And inputting the feature vector into a video frame screening model to obtain the importance index of each video frame. The video frame screening model includes a transformer network and a multi-layer perceptron network. The transformer network (Transformer Network) may include a plurality of encoding modules, where each encoding module is sequentially connected and configured to perform feature extraction on an input feature vector, and the multi-layer perceptron network processes feature information extracted by the transformer network to obtain an importance index of each video frame. Each coding module extracts the characteristics of each video frame and the characteristics of adjacent video frames respectively, so that the condition that similar video frames are screened as target video frames at the same time is avoided.

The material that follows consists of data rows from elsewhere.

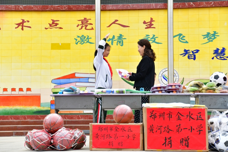 隨後,在校長武勝龍的主持下進行了物資捐贈儀(yi) 式,常書(shu) 記代表黃河路第一小學全體(ti) 師生為(wei) 淅川思源學校的孩子們(men) 贈送了各式各樣的體(ti) 育用品,學生們(men) 拿著羽毛球、跳棋、跳繩、籃球、足球等欣喜不已。常書(shu) 記說:“學校將與(yu) 兄弟學校繼續進行多種形式支援支教活動,真誠協作,攜手前行,共同奔赴新時代高質量育人的新篇章。”
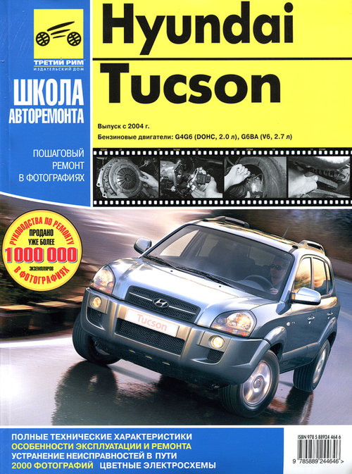 Иллюстрированное информационно-справочное пособие инструкция по ремонту Hyundai Tucson, а также руководство по эксплуатации и техническому обслуживанию Hyundai Tucson, устройство Hyundai Tucson с 2004 г. выпуска, оборудованных бензиновыми силовыми агрегатами G4G6 рабочим объемом 2,0 л. и G6BA рабочим объемом 2,7 л.
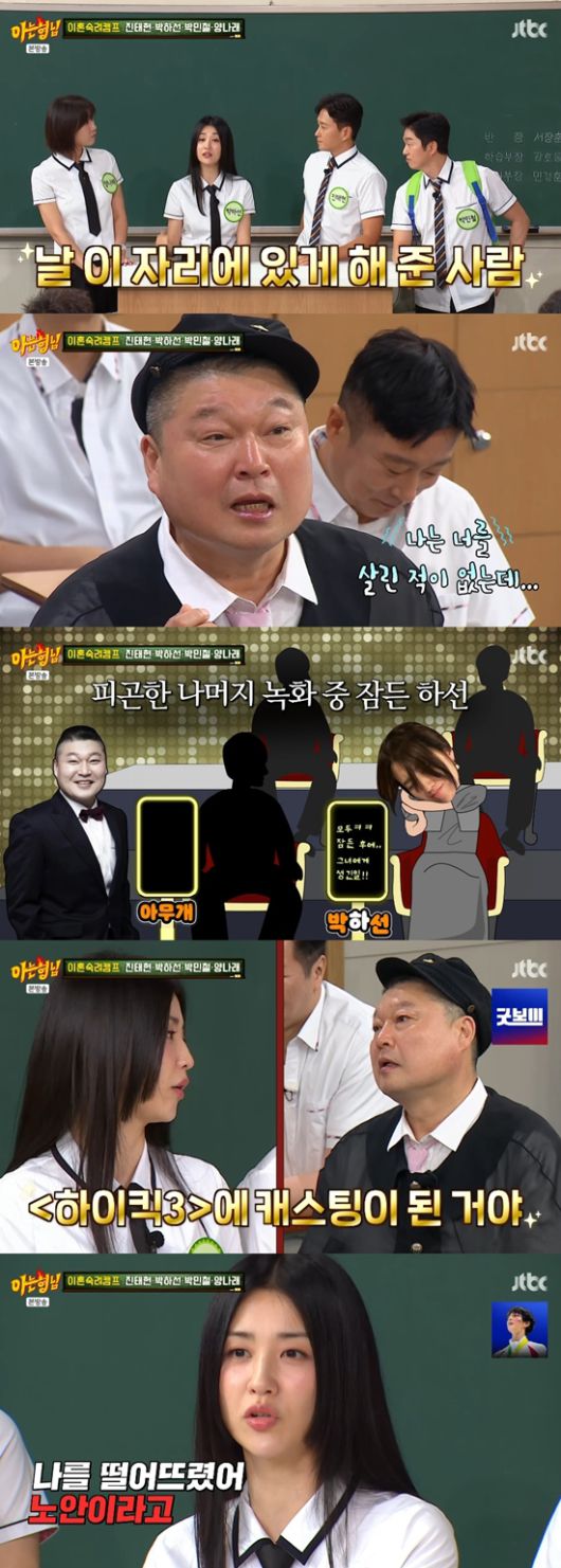 박하선은 "옛날 '강심장'은 (촬영을) 오래 찍었다. 내가 너무 피곤해서 촬영 중 졸았는데, 그걸 (캐릭터로) 살려줬다. 덕분에 '하이킥3'에 캐스팅됐다. 사실 '하이킥2' 신세경 씨 역에서 노안이라고 떨어졌었다. 감독님이 '강심장'을 보고 '쟤 재밌는 애네, 다시 데리고 와' 라고 했다. 덕분에 집도 사고 차도 샀다. 너무 고마웠다"라고 밝혔다.

Generating the video summary based on the target video frame may be forming the video summary based on one or more of the target video frame image, the processing result of the target video frame. By forming the video abstract, a user can conveniently browse the video to be processed by browsing the video abstract instead of browsing the video to be processed, so that the analysis and processing process of the video to be processed is simplified, the interference information in the video to be processed is reduced, and the pertinence and the effectiveness of analysis and processing of the video to be processed are improved.

On the basis of the above embodiment, generating a video summary of the video to be processed based on the target video frame includes: sorting the target video frames based on an importance index of the target video frames; and generating a video abstract based on the ordered target video frames and/or the processing results of the target video frames. And sequencing the target video frames, and sequencing summary information corresponding to the target video frames to form a video summary, so that a user can browse the video summary according to the importance index.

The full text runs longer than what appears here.